By Karissa E.L. CuffPublished 2 years ago β€’ Updated 2 years ago β€’ 12 min read
10
Drowning
Photo by Cristian Palmer on Unsplash

The cabin in the woods had been abandoned for years, but one night, a candle burned in the window. Not in real life, just in my dream. The cabin was made of soggy wood, rotting from rain and neglect. Termites gnawed at the remaining supports that held up a crooked roof. All around, trees rustled, singing a song of dread and impending doom. A low fog hung between them like a deserted hammock.

Every night was the same. Every night I dreamt of the cabin in the woods. Every night I dreamt of drowning.

There was a large pond behind the cabin. I saw it in my dreams more vividly than I saw it in my past. In my dreams it had jade coloured vines wrapping around the rocks, slimy and smelling of sap. In my memories it was clean and neatly surrounded by a pebble wall. Stunning and serene except for the dark red stain near the gargoyle ornament. Nobody had bothered to wash the blood off for weeks.

Every night I dreamt of bodies held beneath the surface of that pond. When unconsciousness took hold of me, so did images of reaching hands and gasping mouths. I saw bubbles of air reaching the surface and desperate faces failing to. I dreamt of death and feared for my life.

Last night my mind conjured up images of a young blond woman with a green scarf and matching emerald eyes. The fringes of the scarf caught on the vines, blending in with them. She fought for air. She never got it. The scarf sunk to the bottom of the pond, settling beside twigs and leaves suffocated by clay-like mud.

I woke up gasping for oxygen myself. One day it would be me, trapped under the surface of the water - dying. What other reason would I continue to dream about drowning? It was because that was how I'd die. I was sure of it.

πŸ•―

The next day was the same as the others too - answering the phone in a busy hotel, faking a smile and trying to convince myself that time wasn't slipping away from me as surely as dandelions in a strong breeze.

My bed had become a grave. I put off spending time there - put off sleeping, roaming around my house pointlessly, afraid to close my eyes. It didn't help. Dusk was only setting in when I was seeing the cabin again, tall trees framing it like an old oil painting.

The woman from this dream was young - early twenties. She looked eerily like a younger me - brown hair, brown eyes and a face filled with fear. Despite the dread building in me, I could spot the differences that told us apart. Her hair was slightly thicker with a slight wave to it. Her eyes were closer to hazel while mine were more cinnamon coloured. Still - I felt like I was watching my own death. I felt like I was watching a moment from my past that had been altered slightly. She went under the surface - like my past self had - but she didn't make it back before her panicked eyes stilled and her muscles turned to liquid.

Wet hands pulled the limp body from the pond. I could hear a sickening thud as the body hit the ground and knew the noise would haunt me when I opened my eyes. All that was left in the pond was nature's debris and an emerald coloured scarf.

πŸ•―

I couldn't shake the image of the girl's face when I woke up. I tried to push her from my mind as I weaved my way through stacks of laundry and unopened packages from the post office, making my way to the front door. The attempt was futile. All through the day she haunted me. I remembered them all - all the victims that fought through my dreams. All the clueless prey who were lured to the cabin in the woods like sailors to the sirens' rocks.
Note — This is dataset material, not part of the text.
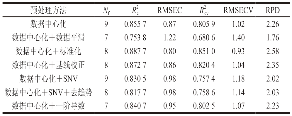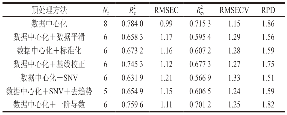 分别为0.784 0、0.715 3,RMSEC、RMSECV分别为0.99、1.15,RPD为1.86,在各模型中,数据中心化预处理的效果最佳。

They're just dreams, I reassured myself. But they weren't all just dreams, were they? The cabin in the woods had been abandoned for years now, but it hadn't always been. Once, the woods hadn't been as decayed and rotted as it appeared in my dreams. Once, a light had shone in the window every night, yelling and sobbing and the sounds of shattering glass drifting through the back door, out into the trees and evaporating into a starless sky.

The faces from my dreams may have been non-existent ghosts conjured up from my imagination but a girl had struggled in that pond once - held under by her step-father's drunken hands. I could still hear my mother's strangled sobs as she begged and pleaded with him to let me go, but still stood by and did nothing - still woke up beside him the next morning, justifying it with tales of a worthless apology tossed carelessly to her.

I could still see his face - distorted by water and anger - as he yelled at her to shut up, as he yelled at me to stop struggling. A flood of flickering images washed over me. A bottle slipping from his hand into the water beside me. My fingertips grazed and scratched as they clawed at his bulgy arms and then the pebble wall and anything that might help me reach the air again. The strange darkness that tinted the corners of my vision and then the stars that appeared - not in the sky but all around me. I remember the sharp blinding pain that shot through my head a moment later.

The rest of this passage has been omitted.